If taking over the branch manager’s position in Death Valley doesn’t seem like a promotion, an employee’s next move could be taking the boss to court.

Although such situations are more myth than fact, there are instances where employers go to extremes in hopes of getting a particular employee to quit rather than firing them, therefore avoiding unemployment costs.

Fayetteville lawyer Shawn Daniels of the firm Kincaid Horne & Daniels said forcing someone out by drastically changing their former working conditions can have serious repercussions.

He represented a woman in Oklahoma who had her “very nice” office taken away and was promptly moved to a corner office by the company’s steam room.

“If someone were to ask me as an employer, I would sure advise them not to make a dramatic change with an employee,” Daniels said. “A lot of employers have the idea that they can turn the heat up and [the employee] will just quit. Man, that can blow up in their face.”

David Wall, a lawyer for Bassett Law Firm in Fayetteville, said “constructive discharge” is basically making an employee’s life “a living hell.”

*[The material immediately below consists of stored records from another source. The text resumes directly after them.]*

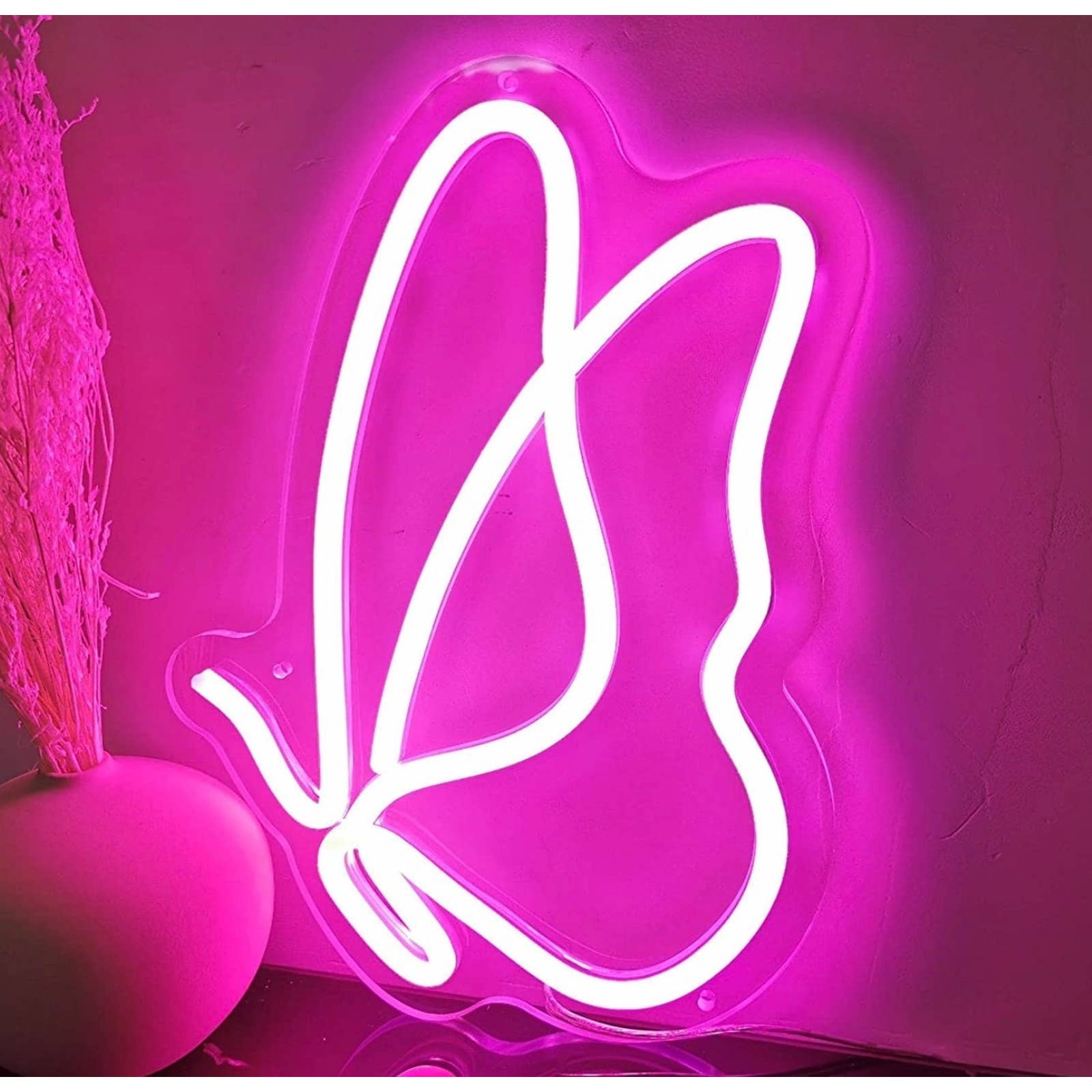 Lovely Vivid Pink Butterfly LED Night Light Room Wall Decoration
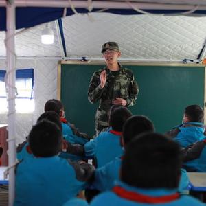 李春告诉记者,学校现有380名寄宿学生,震后没有上课场所。复课时间越来越近,武警官兵争分夺秒,很快为他们搭建了10顶帐篷教室。
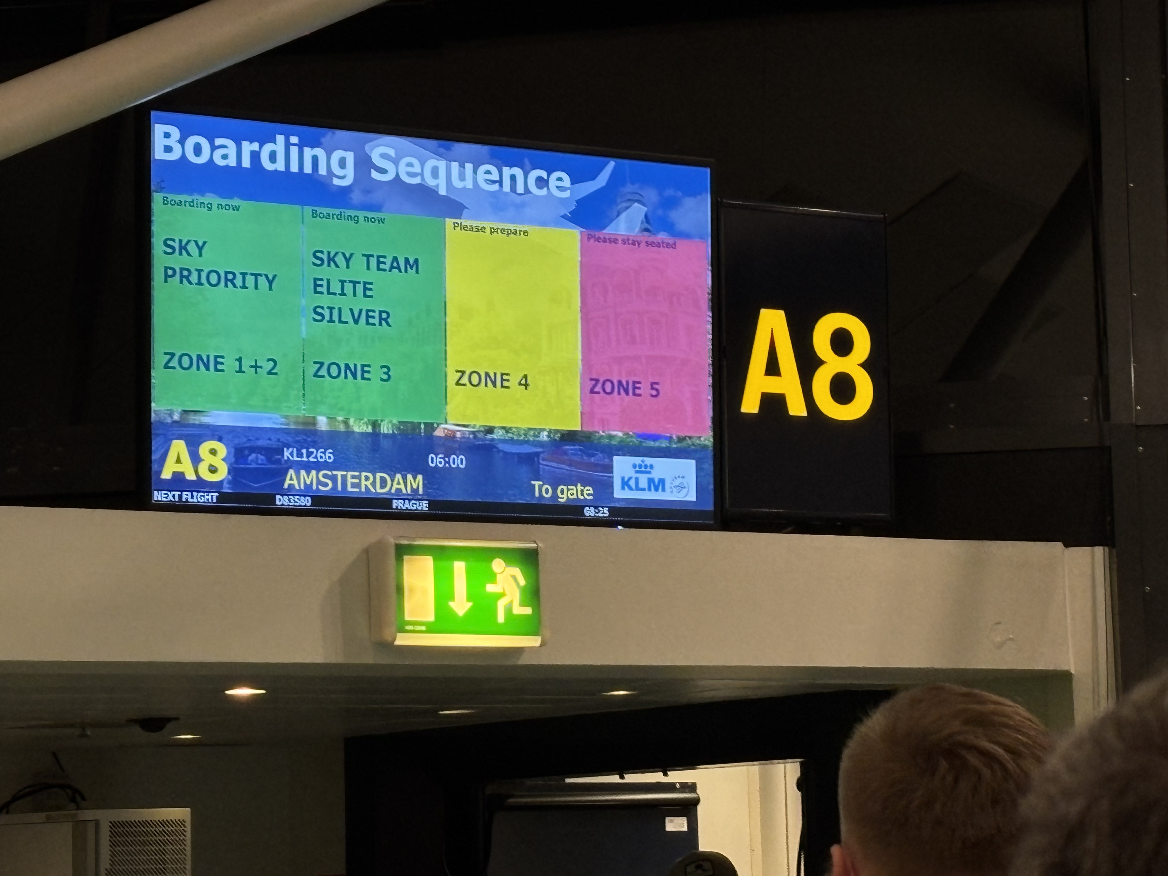 Nästa flyg, AMS-LHR. Jag hade blivit tilldelad en mittplats. Jag lade in charmen och frågade gatepersonalen om det fanns någon fönsterplats ledig. Hon skruvade på sig lite, och förklarade att planet är i princip fullsatt följt av lite holländskt prat med sin kollega. Och vips, så hade jag helt plötsligt exit row seat 15A. Otroligt tacksamt får någon som är 193cm lång.
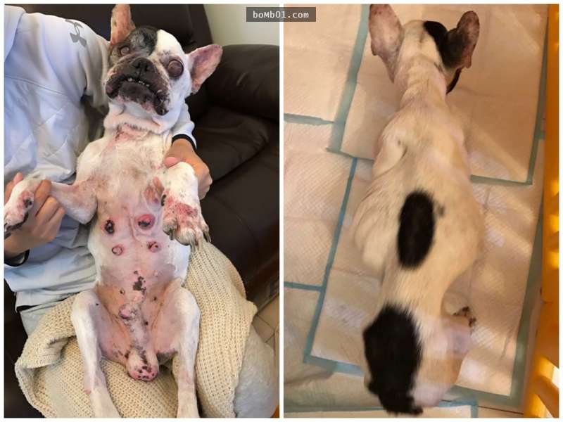▼更不幸的是,這隻法鬥雙眼失明,毫無安全感。而且牠的肺部腫的像球,爪子紅腫潰爛,這些都急需治療。

“You can bring a lawsuit, but it’s difficult to prove,” Wall said. “Most times the employer is smart enough to put you in a legitimate position. For instance, a law firm is not going to have a lawyer in charge of cleaning toilets.”

Documenting problems with an employee is a must. But Daniels said he has seen cases where documentation has also “blown up” in an employer’s face. Wall said the personnel file must contain the right documentation.

“If the reason for all of this happening is for poor performance at work you don’t want job reviews on that [employee] that are great,” Wall said.

Daniels added that if an employee is chronically late and that was the reason for the switch in job description, the employer should err on the side of keeping good records.

Unless specified in a pre-signed contract, there is nothing prohibiting an employer from changing an employee’s job description. The problem comes when that employee turns it into a discrimination case.

If a female or minority employee has been switched to a less desirable job, the situation could become more flammable.

“Here’s why I could see where someone could say that would be discrimination,” Daniels said.

“The transfer itself is nothing technically wrong. Where you get exposed as an employer is if you make a radical change. The buzz word in a federal civil law case is ‘adverse employment action.’ If you switch someone from job one to job two and there is no real substantial difference, then an employee is required to prove in court that there was some adverse employment action against [them]. You can defend yourself on that. But when you switch say someone in management to a lower, hourly job on the line, now there is clearly adverse employment action.”

Daniels said such radical switches are not recommended, even if the firm can show legitimate financial reasoning.

Daniels said the “Siberian treatment” has not been prevalent in Northwest Arkansas, but as the workforce population continues to grow, there will likely be more cases.

“Whistle blowers” has become a buzz word in the last year as employees of Enron, Worldcom and even the Federal Bureau of Investigations laid their jobs on the line by telling of faults within their company’s walls.

Peter W. Lilienthal of The Corporate Board Journal said many employees are worried about whistle blowing resulting in “being fired or sent to the corporate equivalent of Siberia.” He noted that even United States Attorney General John Ashcroft had waffled on assurances that there would be no retaliation against FBI Agent Colleen Rowley.

Rowley told a Senate panel last June that “ever-growing bureaucracy” at the bureau’s headquarters hurt the ability of field agents to investigate terrorism.